== AIM OF THE EXERCISE ==
Except for images, print the whole listing verbatim.
==== SUPPLIED MATERIAL
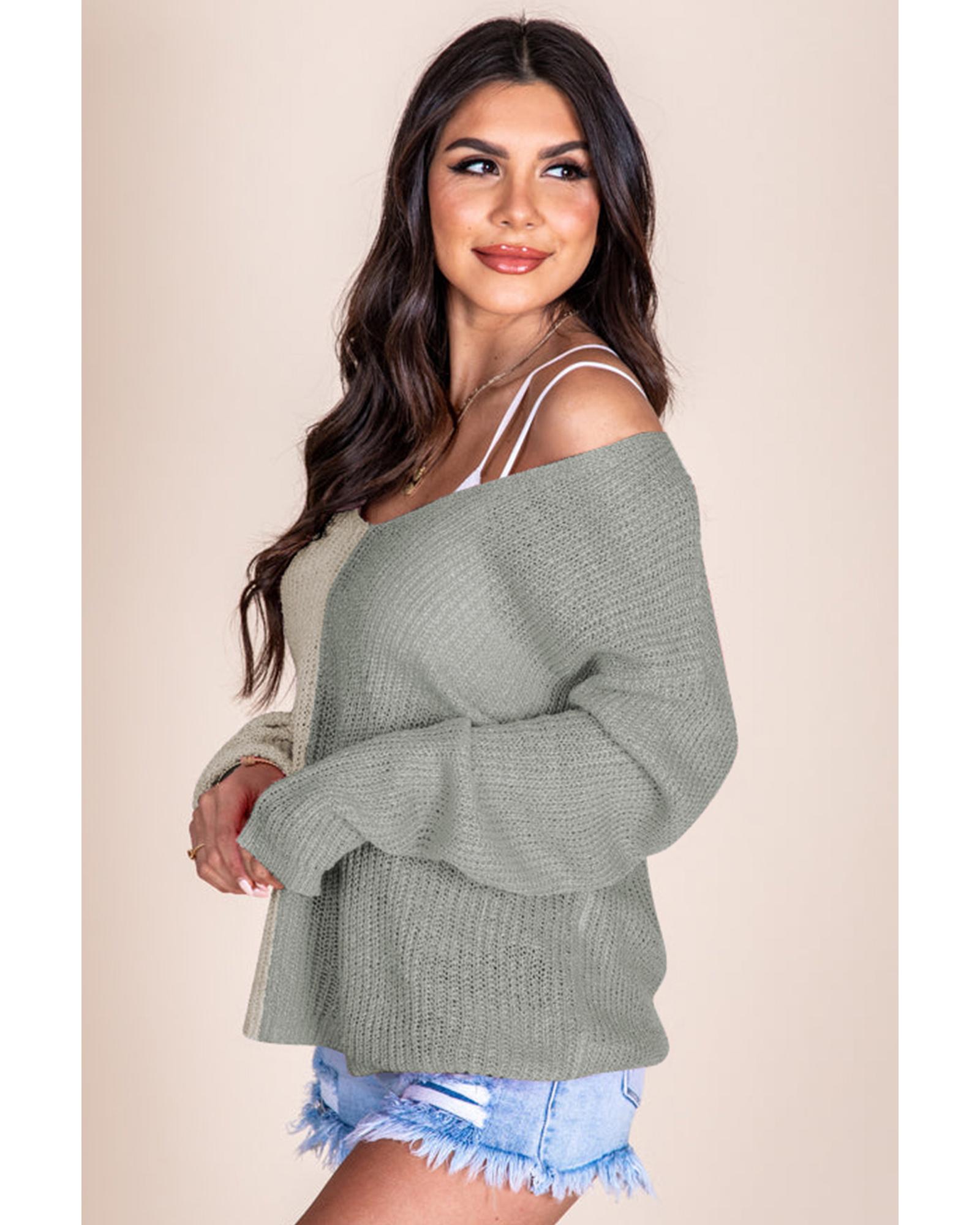 This long sleeve V-neck sweater features a stylish colorblock design in trendy hues, making it a versatile addition to your wardrobe. Crafted from soft and cozy knit fabric, it offers all-day comfort and a flattering fit. The V-neckline accentuates your collarbone, adding a touch of elegance. Suitable for various occasions, it pairs easily with jeans or skirts for a chic look.
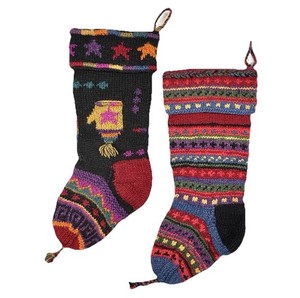 2 Icelandic Newari Handmade Wool Knit Christmas Stockings SET Mittens Colorful
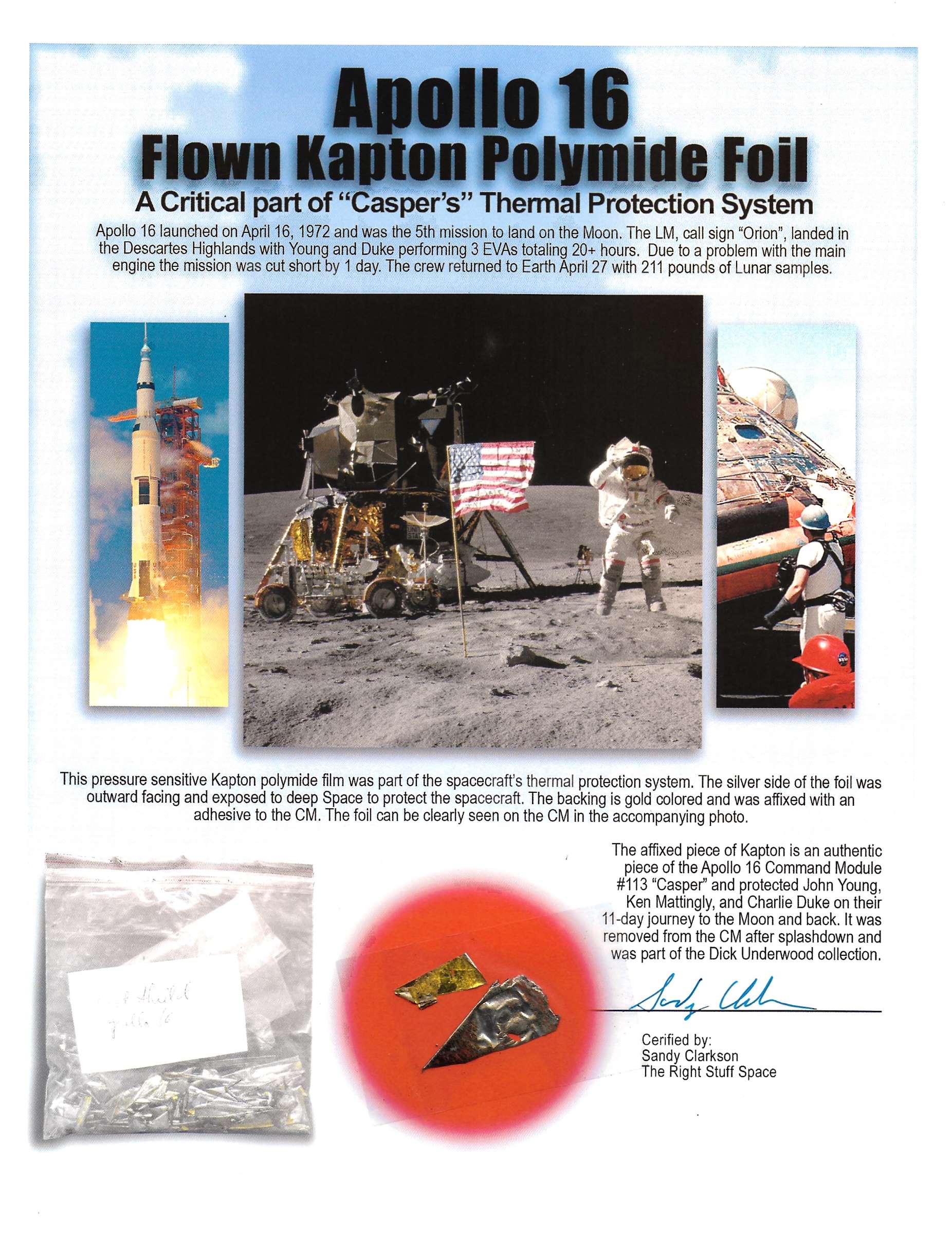 APOLLO 16 FLOWN KAPTON COVERS
========
== RESPONSE TO THE EXERCISE ==
 This long sleeve V-neck sweater features a stylish colorblock design in trendy hues, making it a versatile addition to your wardrobe. Crafted from soft and cozy knit fabric, it offers all-day comfort and a flattering fit. The V-neckline accentuates your collarbone, adding a touch of elegance. Suitable for various occasions, it pairs easily with jeans or skirts for a chic look.
 2 Icelandic Newari Handmade Wool Knit Christmas Stockings SET Mittens Colorful
 APOLLO 16 FLOWN KAPTON COVERS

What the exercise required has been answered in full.